Bernd Polster (born 22 June 1952) is an author.[1] He spent the first eleven years of his life in the village Winsen an der Aller in Northern Germany. As he was visiting secondary school in Celle he cofounded and designed the prize winning school magazine bi; 1970 its second issue was illegelized because of an educational "sex supplement". He studied in Bochum, where he listened to the lectures of the marxist philosopher Leo Kofler, and in Bonn. His main field of interest was „Kritik der bürgerlichen Wissenschaft“ (Critique of bourgeois science). He was awarded his diploma in psychology - instead of the required experiment - for a philosophical thesis on the topic „Wissen als Vorraussetzung wissenschaftlichen Lernens" (Knowledge as a requirement for scientific learning), an examination of the incompetences of academical psychology.
After some years as school psychologist in Ahrweiler and Cologne he picked up an interest for photography and art. Exhibitions with collages, drawings, and photographs of punk musicians and shut down filling stations followed. In 1980 he began working as freelance author.

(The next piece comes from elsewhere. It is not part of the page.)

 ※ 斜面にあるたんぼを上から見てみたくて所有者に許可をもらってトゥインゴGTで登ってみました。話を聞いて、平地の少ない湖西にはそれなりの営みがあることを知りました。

Since the late Nineties Bernd Polster has been running normalbuch as chief editor and art director, an office for the conceptual design and production of illustrated books (book packaging), with Eduard Rühmann (founder of normal records, one of the early German independent labels), as well as formguide.de, an internet platform for German furniture and home accessory design. Followed by formweh.de, a design blog. As an author and editor of many design books he is seen[by whom?] as a renowned expert on international design history.
He lives in Bonn with his wife and two children.